Basu told a conference that it was necessary for India to throttle back growth in the short-term to control inflation and preserve long-term growth prospects.
"I would argue that this is a road bump, a sticky patch. The medium- to long-run growth prospect for India happens to be very good," he said. Basu, speaking at a conference ahead of high-level U.S.-India economic talks, said India's Ministry of Finance would make new growth projections next week. He said there was "a lot of lamenting" about a slowdown from India's recent growth rates.
The economy grew 8.5 percent in the last fiscal year, but growth slipped to 7.8 percent in the January-March period.
Basu said the government was moving forward with plans to change the way it subsidizes fuel and would allow kerosene to find its true market price while giving vouchers to the poor to directly subsidize their purchases of the fuel.
He said allowing foreign investment in India's long-coveted retail sector would help temper inflation and provide better management of food supplies.

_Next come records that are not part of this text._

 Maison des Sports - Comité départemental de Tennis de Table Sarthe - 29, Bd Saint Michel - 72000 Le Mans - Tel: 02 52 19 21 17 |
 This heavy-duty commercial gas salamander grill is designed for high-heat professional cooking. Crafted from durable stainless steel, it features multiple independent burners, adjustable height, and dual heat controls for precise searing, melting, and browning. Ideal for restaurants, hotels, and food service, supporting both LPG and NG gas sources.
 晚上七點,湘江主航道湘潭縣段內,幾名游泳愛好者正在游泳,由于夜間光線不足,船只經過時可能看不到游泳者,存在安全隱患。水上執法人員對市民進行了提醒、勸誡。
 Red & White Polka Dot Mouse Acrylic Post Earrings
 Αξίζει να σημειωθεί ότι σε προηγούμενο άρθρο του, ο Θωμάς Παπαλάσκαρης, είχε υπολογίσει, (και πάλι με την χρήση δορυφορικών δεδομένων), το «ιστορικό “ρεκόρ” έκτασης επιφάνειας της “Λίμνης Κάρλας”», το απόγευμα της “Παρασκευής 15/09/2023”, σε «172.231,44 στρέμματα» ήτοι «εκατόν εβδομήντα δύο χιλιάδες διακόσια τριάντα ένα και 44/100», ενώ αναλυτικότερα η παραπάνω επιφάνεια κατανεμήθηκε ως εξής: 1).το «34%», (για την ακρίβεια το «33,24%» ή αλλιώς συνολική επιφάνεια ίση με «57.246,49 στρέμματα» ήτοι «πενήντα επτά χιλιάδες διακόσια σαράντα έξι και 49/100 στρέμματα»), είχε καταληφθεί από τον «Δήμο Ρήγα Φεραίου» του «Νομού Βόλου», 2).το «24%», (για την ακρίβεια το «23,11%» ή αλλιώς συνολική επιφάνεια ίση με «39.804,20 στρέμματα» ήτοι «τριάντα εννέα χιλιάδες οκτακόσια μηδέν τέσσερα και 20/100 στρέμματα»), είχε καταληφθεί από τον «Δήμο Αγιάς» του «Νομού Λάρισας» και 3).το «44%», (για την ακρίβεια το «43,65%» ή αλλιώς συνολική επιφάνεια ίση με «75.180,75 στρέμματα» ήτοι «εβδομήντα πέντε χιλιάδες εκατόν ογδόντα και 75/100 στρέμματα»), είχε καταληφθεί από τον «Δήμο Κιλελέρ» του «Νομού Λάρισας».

Lael Brainard, the U.S. Treasury's undersecretary for international affairs, told the conference the two countries have tapped only a small fraction of their joint economic potential despite rapid growth in trade in recent years.
She called for "reinvigorating" the two countries' commitment to domestic reform in their financial services industries and broader economies. "We are going to continue to deepen our collaboration in the Financial Stability Board, the IMF and the G20, where the U.S. and India -- based on our shared growth model, powered by domestic consumers, by markets, by innovation -- will work together to advance our goals for more-balanced growth," she said.